-- Opening Marker --

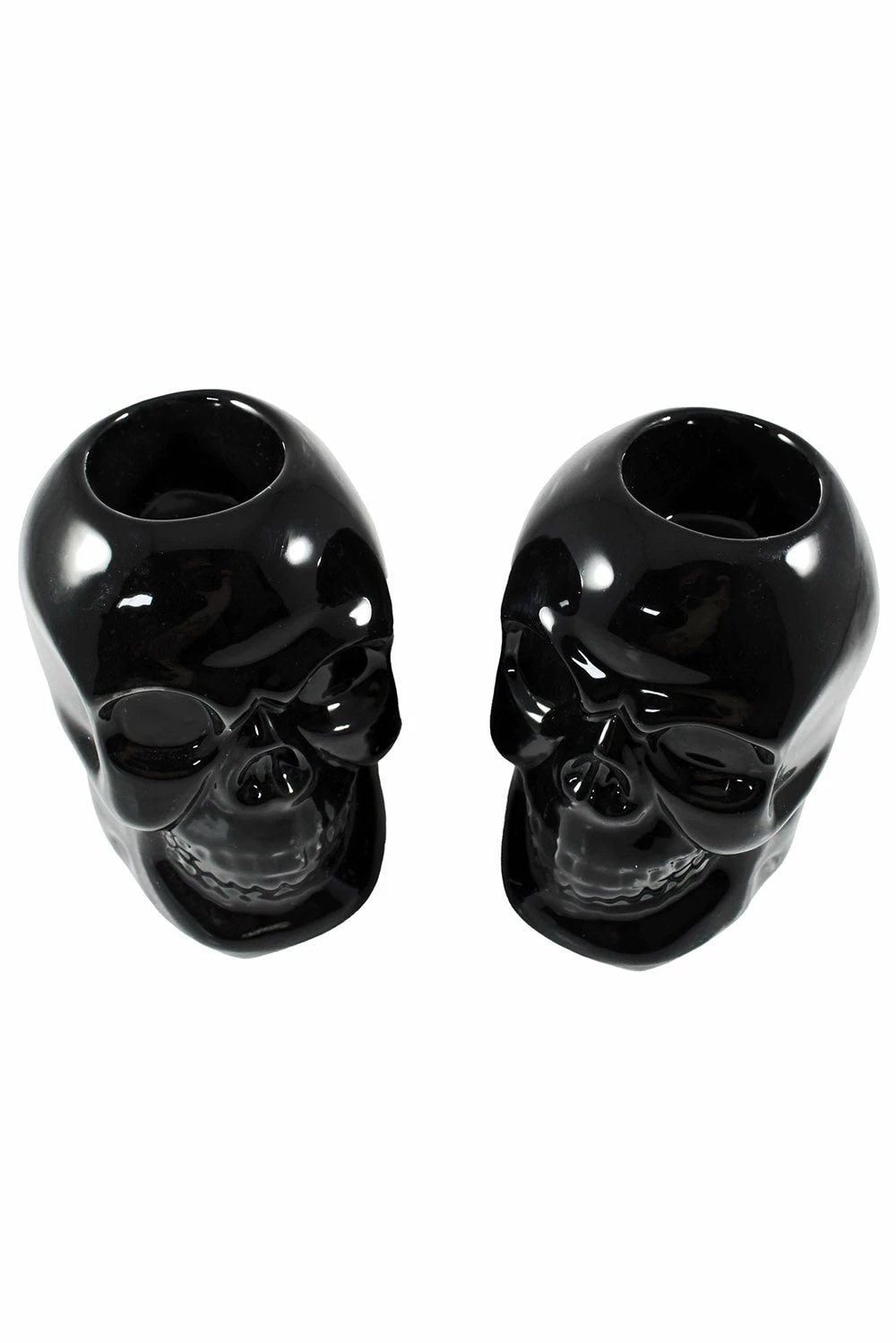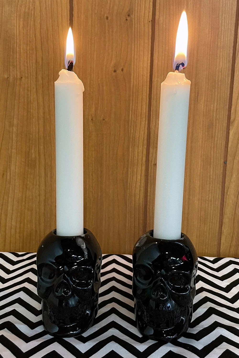 Creep out your candles with these sinister skull candlestick holders! Made of premium porcelain, this spooky set includes 2 macabre human skulls with holes on the tops of their skullcaps for holding taper candles! Complete with a glossy finish, these haunting candlestick holders are dying to darken your dinner table, bewitch your bedroom, or anywhere they are laid to rest.Â
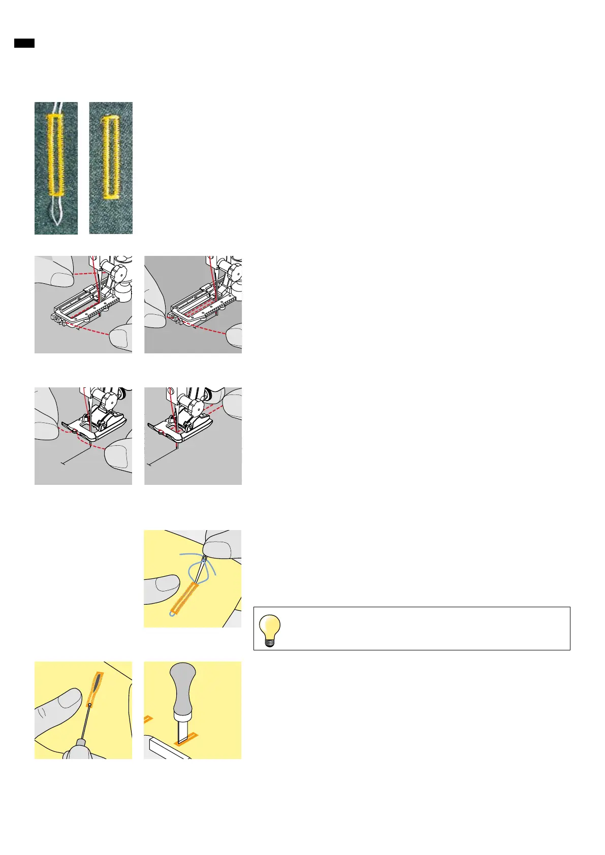 Hooking the cord onto presser foot no. 3 or buttonhole sole no. 3 */**/***
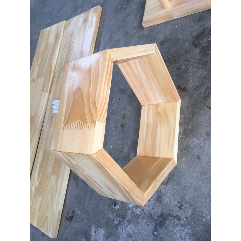 Nhà cửa & Đời sống > Nội thất > Kệ & Giá || (hot sale) Bộ 6 kệ gỗ treo tường hình lục giác + 3 thanh ngang 40cm kết hợp gỗ thông kệ đựng đồCòn hàng
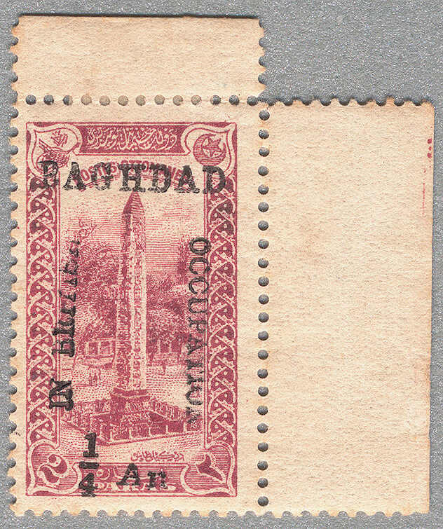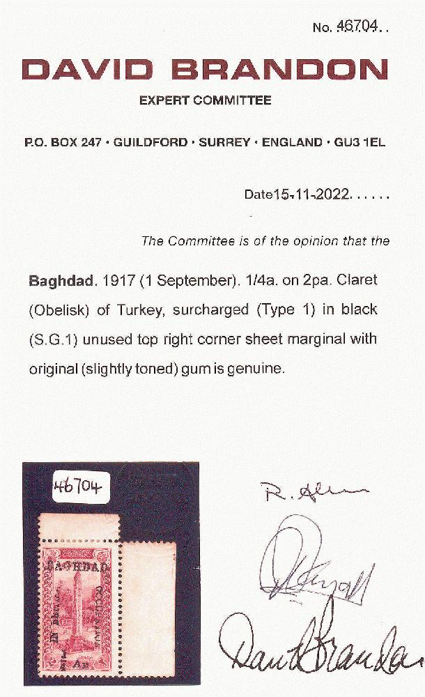 | Zusatzinformationen und Suchstichworte: | 19. classicphil GmbH Auktion 12. - 13. September 2023 Los 1539 Irak Britische Besetzung von Bagdad 1917,1/4a auf 2pa, weinrot (Obelisken), überdruckt in schwarz (Type 1), ungebraucht obere rechte Ecke, mit ober und richtigem gerandet, großer Teil Originalgummi, sehr frisch und gesucht, Prüfungsbefund Brandon, Kabinett! Schätzpreis 700 EUR Ausruf 220,00 EUR |

-- Closing Marker --

Except for the pictures, give all the material above again verbatim.

ANSWER TO THE EXERCISE:
 Creep out your candles with these sinister skull candlestick holders! Made of premium porcelain, this spooky set includes 2 macabre human skulls with holes on the tops of their skullcaps for holding taper candles! Complete with a glossy finish, these haunting candlestick holders are dying to darken your dinner table, bewitch your bedroom, or anywhere they are laid to rest.Â
 Hooking the cord onto presser foot no. 3 or buttonhole sole no. 3 */**/***
 Nhà cửa & Đời sống > Nội thất > Kệ & Giá || (hot sale) Bộ 6 kệ gỗ treo tường hình lục giác + 3 thanh ngang 40cm kết hợp gỗ thông kệ đựng đồCòn hàng
 | Zusatzinformationen und Suchstichworte: | 19. classicphil GmbH Auktion 12. - 13. September 2023 Los 1539 Irak Britische Besetzung von Bagdad 1917,1/4a auf 2pa, weinrot (Obelisken), überdruckt in schwarz (Type 1), ungebraucht obere rechte Ecke, mit ober und richtigem gerandet, großer Teil Originalgummi, sehr frisch und gesucht, Prüfungsbefund Brandon, Kabinett! Schätzpreis 700 EUR Ausruf 220,00 EUR |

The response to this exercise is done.